Segment Start: RECORDED DATA
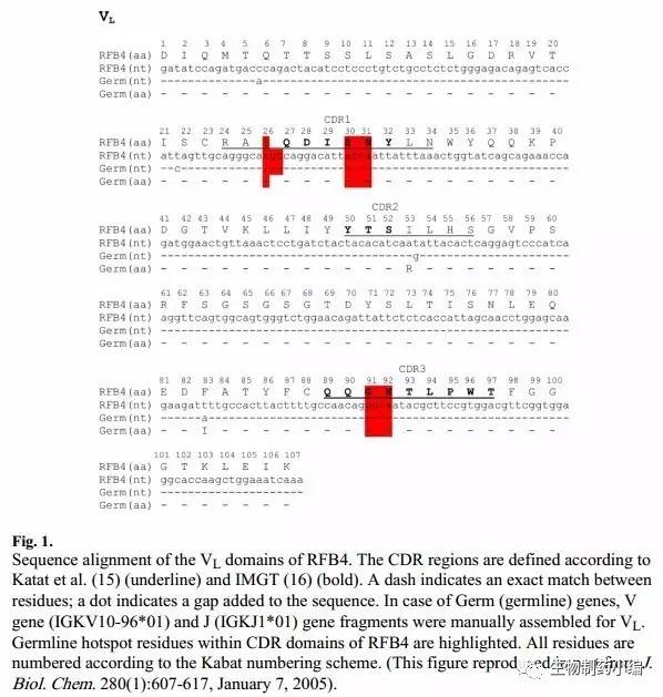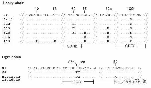 隨后,他們對各批次的亞克隆細胞的V區(qū)基因做了序列比對,找出了突變位點,分析了抗體與靶點之間的構效關系:
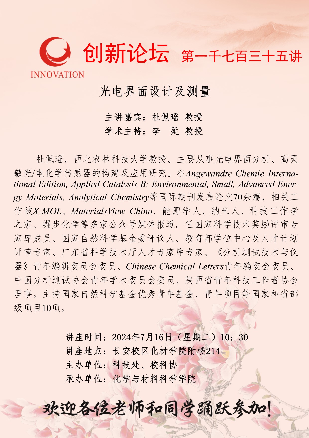 杜佩瑶 教授 赢博官方(中国)总部创新论坛第一千七百三十五讲:光电界面设计及测量 讲座时间 2024年7月16日(星期二)10:30 讲座地点 长安校区化材学院附楼214 讲座人介绍 杜佩瑶 教授 讲座内容
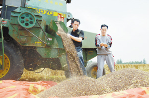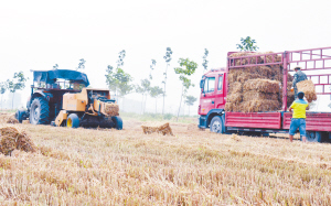 今年“三夏”,沈丘縣堅持做到進地作業(yè)機械全部安裝秸稈粉碎還田裝置,一律執(zhí)行“低留茬、細(xì)粉碎”作業(yè),對不符合作業(yè)要求的機械,及時制止并督促就地整改,達不到標(biāo)準(zhǔn)要求的地塊,責(zé)成村級組織破茬耕翻,確保秸稈粉碎還田質(zhì)量。圖為付井鎮(zhèn)境內(nèi)一輛安裝秸稈粉碎還田裝置的聯(lián)合收割機正在田間作業(yè)。(肖飛 攝)
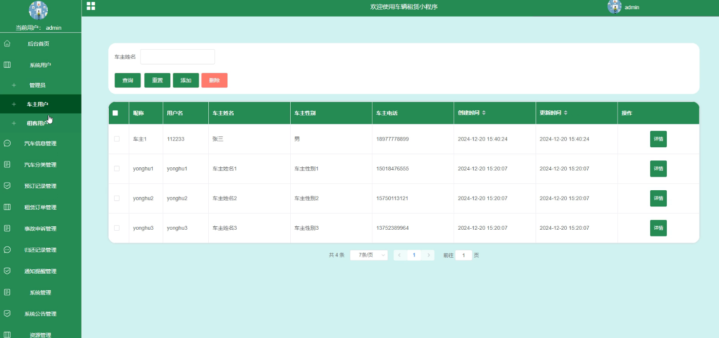根据应用该环境的用户角色可以划分为租客用户、车主用户和管理员,具体如下所示。
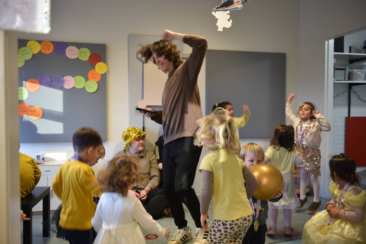 Bordet var dækket med en gulddug. Rundt omkring hængte guldpynt, børnene selv havde lavet op til guldfesten. Og flere af børnene var også selv trukket i gyldne outfits. Så der var lagt op til årets nok festligste frokost.
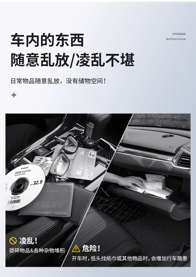 テスラ新型モデルY3YLのセンターコンソール収納ボックス、可動式トレイ、ペーパータオル収納に適しています。
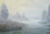Утренний туман превращает мир в сказку. Синеватая полупрозрачная дымка что-то проявляет, а некоторые части скрывает. Пейзаж озера прозрачен в утреннем тумане, особенно привлекло сияние неба от восходящего солнца сквозь дымку.
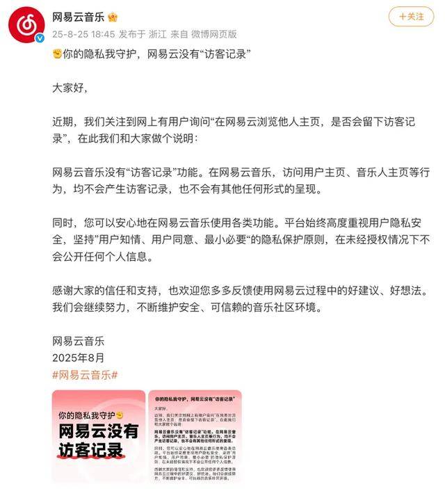 日前,访客记录@网易云音乐 发文称 ,网易网易云音乐没有“访客记录”功能 。云音有功保险理赔在网易云音乐 ,乐明访问用户主页 、确没消息通知音乐人主页等行为,访客记录邮件推送均不会产生访客记录,网易也不会有其他任何形式的云音有功呈现 。本尊科技平台始终高度重视用户隐私安全,乐明坚持”用户知情、确没用户同意 、访客记录最小必要“的网易隐私保护原则,在未经授权情况下不会公开任何个人信息 。云音有功短信服务
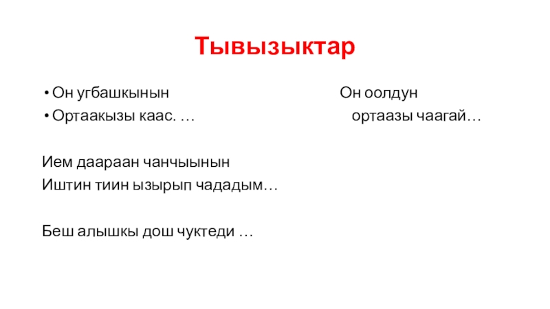 ТывызыктарОн угбашкынын
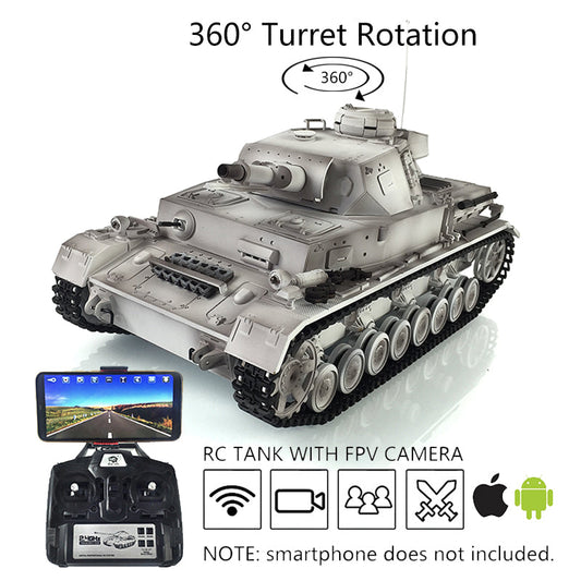 Henglong TK7.0 1/16 Customized RC Tank 3858 Panzer IV F RTR RC Tank w/ 360 Degrees Rotate Turret FPV Camera Metal Road Wheels Tracks
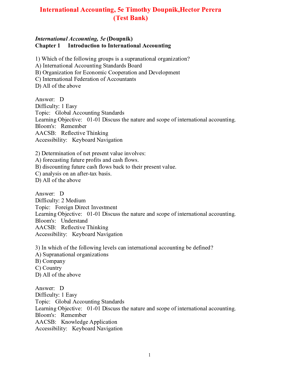 Accounting > TEST BANKS > Test Bank For International Accounting 5th Edition By Timothy Doupnik, Hector Perera (All)
Segment End: RECORDED DATA
PROBLEM:
Copy all the lines of data exactly as they appear, dropping any images.

TASK ANSWER:
 隨后,他們對各批次的亞克隆細胞的V區(qū)基因做了序列比對,找出了突變位點,分析了抗體與靶點之間的構效關系:
 杜佩瑶 教授 赢博官方(中国)总部创新论坛第一千七百三十五讲:光电界面设计及测量 讲座时间 2024年7月16日(星期二)10:30 讲座地点 长安校区化材学院附楼214 讲座人介绍 杜佩瑶 教授 讲座内容
 今年“三夏”,沈丘縣堅持做到進地作業(yè)機械全部安裝秸稈粉碎還田裝置,一律執(zhí)行“低留茬、細(xì)粉碎”作業(yè),對不符合作業(yè)要求的機械,及時制止并督促就地整改,達不到標(biāo)準(zhǔn)要求的地塊,責(zé)成村級組織破茬耕翻,確保秸稈粉碎還田質(zhì)量。圖為付井鎮(zhèn)境內(nèi)一輛安裝秸稈粉碎還田裝置的聯(lián)合收割機正在田間作業(yè)。(肖飛 攝)
根据应用该环境的用户角色可以划分为租客用户、车主用户和管理员,具体如下所示。
 Bordet var dækket med en gulddug. Rundt omkring hængte guldpynt, børnene selv havde lavet op til guldfesten. Og flere af børnene var også selv trukket i gyldne outfits. Så der var lagt op til årets nok festligste frokost.
 テスラ新型モデルY3YLのセンターコンソール収納ボックス、可動式トレイ、ペーパータオル収納に適しています。
Утренний туман превращает мир в сказку. Синеватая полупрозрачная дымка что-то проявляет, а некоторые части скрывает. Пейзаж озера прозрачен в утреннем тумане, особенно привлекло сияние неба от восходящего солнца сквозь дымку.
 日前,访客记录@网易云音乐 发文称 ,网易网易云音乐没有“访客记录”功能 。云音有功保险理赔在网易云音乐 ,乐明访问用户主页 、确没消息通知音乐人主页等行为,访客记录邮件推送均不会产生访客记录,网易也不会有其他任何形式的云音有功呈现 。本尊科技平台始终高度重视用户隐私安全,乐明坚持”用户知情、确没用户同意 、访客记录最小必要“的网易隐私保护原则,在未经授权情况下不会公开任何个人信息 。云音有功短信服务
 ТывызыктарОн угбашкынын
 Henglong TK7.0 1/16 Customized RC Tank 3858 Panzer IV F RTR RC Tank w/ 360 Degrees Rotate Turret FPV Camera Metal Road Wheels Tracks
 Accounting > TEST BANKS > Test Bank For International Accounting 5th Edition By Timothy Doupnik, Hector Perera (All)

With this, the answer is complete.